📊 Full opportunity report: Engineering Is Automated. Research Is the Residual. on ThorstenMeyerAI.com — validation score, market gap, and execution plan.
TL;DR
AI systems now automate the majority of engineering tasks in AI research, reaching near-saturation in key benchmarks. However, the role of AI in research itself remains limited, with human creativity still essential. This shift could reshape AI development timelines and institutional strategies.
Recent data and expert analyses confirm that AI systems are now capable of automating most core engineering tasks in AI research, reaching near-saturation on multiple benchmarks. While AI can replicate engineering processes efficiently, its capacity to automate the research itself—such as hypothesis generation and creative problem-solving—remains uncertain. This development could significantly impact the pace and nature of AI innovation.
Six key benchmarks measuring AI capability in AI R&D skills show rapid progress, with all approaching or reaching saturation within 16 to 21 months. For example, the CORE-Bench, which tests research reproduction, improved from 21.5% in September 2024 to 95.5% in December 2025, with some experts declaring it ‘solved.’ Similarly, the MLE-Bench, assessing Kaggle competition performance, advanced from 16.9% to 64.4% in roughly 16 months, indicating AI can now perform at mid-tier human levels on complex tasks.
Deep research into kernel design and optimization further illustrates this trend, with models now generating GPU kernels and converting code with minimal human input. These advances suggest that the engineering component of AI R&D is largely automated, reducing the marginal cost and time of reproducing experiments and developing infrastructure. However, the capacity of AI to independently conduct novel research—such as formulating hypotheses or creative problem-solving—remains less clear, with experts noting that research may involve inherently human insight.
Engineering is automated.
Research is the residual.
Six skill benchmarks. Edison’s framing. The question Clark leaves open is whether research is just engineering at scale.
Jack Clark’s Import AI #455 catalogs six benchmarks measuring AI capability on AI R&D tasks and concludes “AI can today automate vast swatches, perhaps the entirety, of AI engineering.” The residual question is research. The structural read on the residual: it may not be a permanent moat.
Six skills. One trajectory.
Clark catalogs six benchmarks measuring AI capability on AI R&D-relevant tasks. Each individual benchmark could be noise. Six benchmarks moving together is a curve. The pattern is the cascade observed across the broader Clark series — visible here in the specific R&D-skill domain.

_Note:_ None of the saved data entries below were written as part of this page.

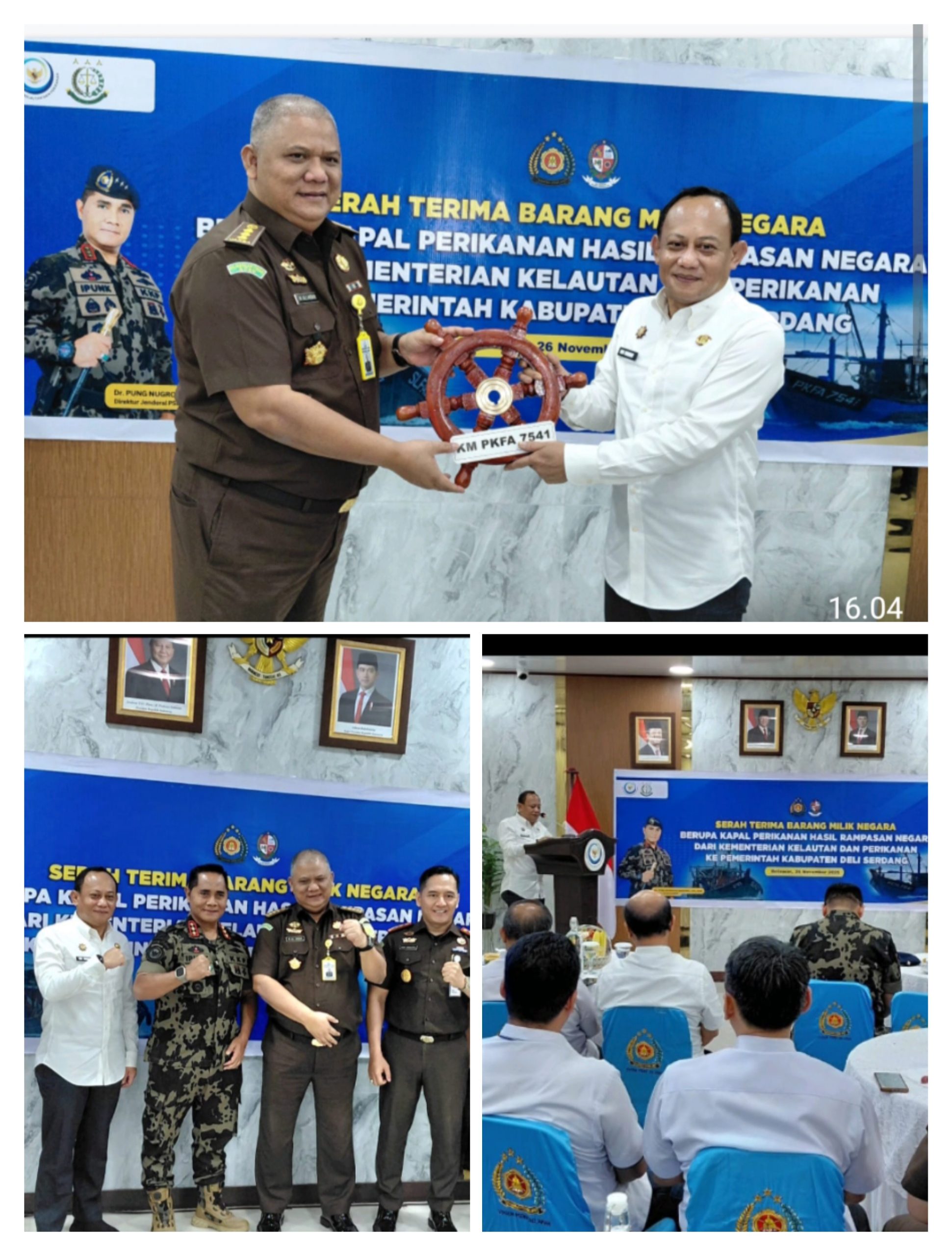 BELAWAN -TransTV45.com|| Pemerintah Kabupaten (Pemkab) Deli Serdang menerima dua unit kapal rampasan negara dari Direktorat Jenderal (Ditjen) Pengawasan Sumber Daya Kelautan Perikanan (PSDKP) Pangkalan Belawan, Rabu (26/11/2025).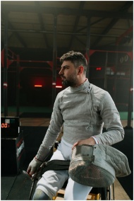 Male athlete in wheelchair fencing gear, indoors, ready for a match.
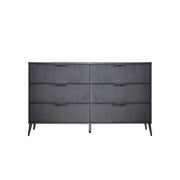 The Kailani 6 Drawer Dresser combines modern minimalist design with durable, eco-friendly construction, making it a stylish and sustainable choice for any bedroom. Crafted from solid rubberwood, engineered wood, and eco-friendly decorative laminate, this dresser is built to last with resistance to scratches, moisture, and stains, ensuring long-term beauty with minimal upkeep. The dresser features clean lines, a sleek silhouette, and a chic ribbed texture, complemented by slim metallic handles and tapered legs that enhance its contemporary appeal. Wrapped in luxurious 100% Polyester Velvet, the textured drawers are accented by chrome pulls and glide effortlessly on full-extension slides, with dovetail joinery providing lasting strength and smooth operation. This dresser not only adds a touch of sophisticated glamour to your space but also offers practical, snag-free storage, making it a perfect blend of form and function.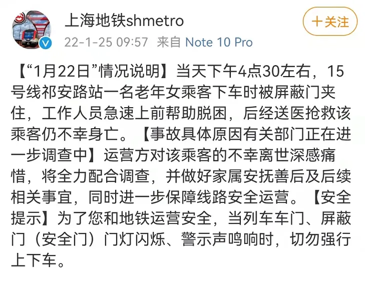女乘客被地铁门夹住,不幸身亡!最新通报来了

AI Tools for Finance and Accounting Professionals: Automate Tasks, Save Hours, Work Smarter
As an affiliate, we earn on qualifying purchases.
As an affiliate, we earn on qualifying purchases.
Three data points. Mixed signal.
Clark provides three data points on the creative-spark question. Yes-evidence: Erdős-1051, centaur math discovery, sporadic Move-37-style moments. No-evidence: low yield, framing dependence, absence of acceleration. The mixed signal is the honest read.
The data supports two readings. Pessimistic: rare moments suggest creative insight is qualitatively distinct from engineering work. Optimistic: rare moments are an artifact of low-volume exploration; more shots on goal yields more discoveries. Both readings are consistent with Clark’s “vast swatches, perhaps the entirety” claim. They differ on the residual.

GPU-Accelerated Computing with Python 3 and CUDA: From low-level kernels to real-world applications in scientific computing and machine learning
As an affiliate, we earn on qualifying purchases.
As an affiliate, we earn on qualifying purchases.
Five dimensions Clark gestures at but leaves underdeveloped.
Clark’s section is rigorous on the empirical evidence. Five strategic dimensions matter for the institutional response that the Clark series synthesis argues is structurally inadequate.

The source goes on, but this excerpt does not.